On her solo flights, she tried only to think of the shapes of the clouds and their shadows on the water, of the pods of dolphins she sometimes caught up with in the Philippine Sea. Inevitably, she’d stop noticing the terns and her thoughts would wander to Sergey. She longed to have had a proper goodbye with him. First, so that she could punch him in the chest and call him all manner of vulgar words for having lied to her. Second, so that she could ask him what had been true. Had he loved her? Had he been able to fake all of the tender moments that passed between them?
More important, a question for herself: would she know, even now, if he was lying?
One morning, as she found herself scanning the horizon for ships, for fellow aircraft—she would never stop looking over her shoulder, for the Americans or the Russians, who she feared might snatch this peaceful existence away at any second—she noticed an unusual shape in the water. It was large and dark, like a colossal torpedo, and at first she thought it could be a whale. She’d seen them before, breaching with their long, pointed heads, their spouts of white spray, but this hulking form dwarfed even those giant creatures.

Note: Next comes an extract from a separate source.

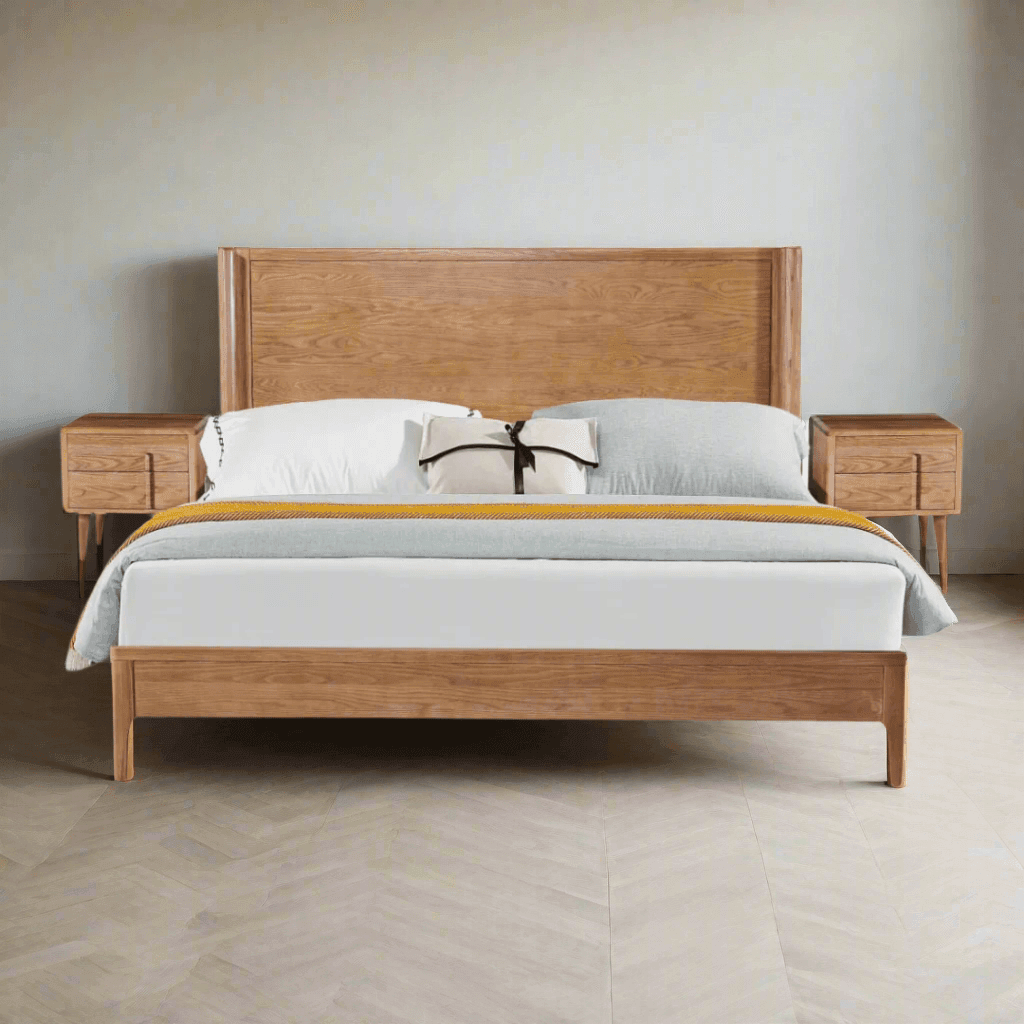 Perfect with Japanese Wabi Sabi bedroom aesthetics, the Astrid Ash Wood Bed Frame embodies simplicity, elegance, and natural beauty with its minimalistic design. Made from high-quality ash wood known for its durability, this wooden bed frame exudes timeless appeal with its clean lines and subtle curves that evoke a sense of harmony, echoing the essence of Wabi Sabi philosophy – finding beauty in imperfection and embracing the natural impermanence of life.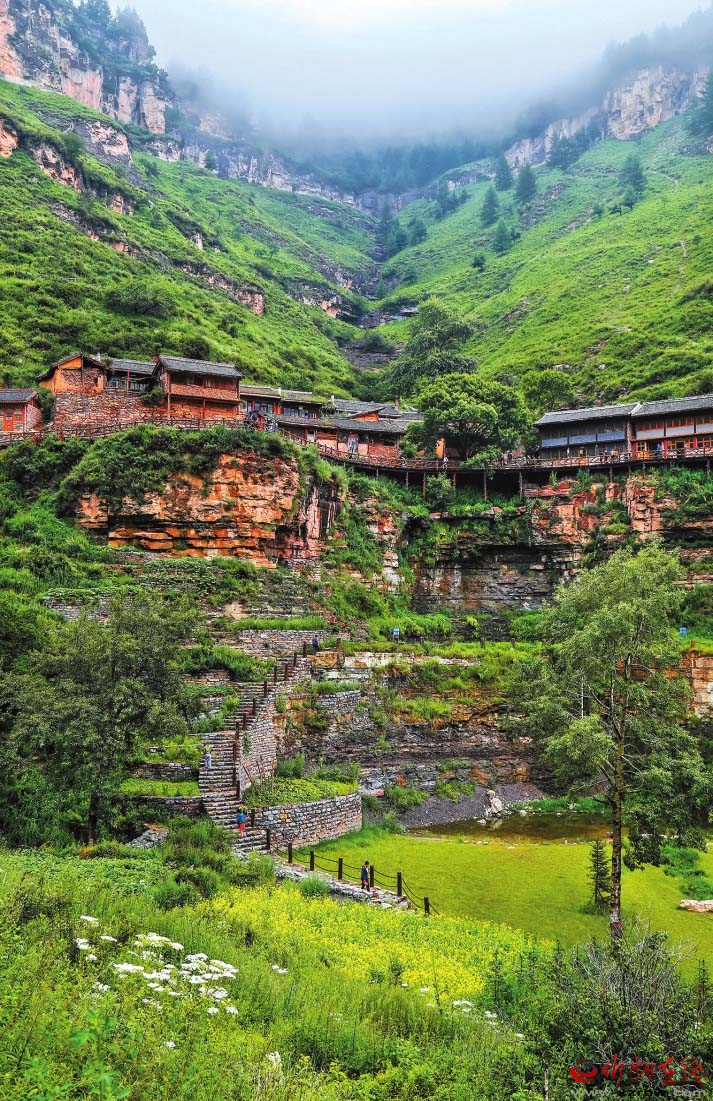 基巖構(gòu)造、河谷沖擊、垂直生態(tài)、冷涼氣候……有別于他處的雋永靈秀,寧武之境實(shí)乃神來(lái)之筆。懸空村位于寧武縣管涔山深處,現(xiàn)為蘆芽山風(fēng)景區(qū)的一個(gè)景點(diǎn),因村莊懸于峭壁之上而稱(chēng)奇。村里多以石頭和木材建房,村中唯一道路是由圓木搭起的空中棧道,行于其上,猶如走在半空,從崖底仰望,似空中樓閣,故而得名。

Her heart jumped into her throat as her plane buzzed closer to the mysterious seacraft. It was long and pale gray, with a blunt nose and a tail that seemed to stretch hundreds of feet. It approached the northwest corner of Rota, and it cut along at a fast clip, barely creating a ripple on the surface. If she hadn’t been above it, and if the tropical waters hadn’t been so clear, she’d have had no idea the ship was there. But now she could see the two periscopes skimming the top of the water.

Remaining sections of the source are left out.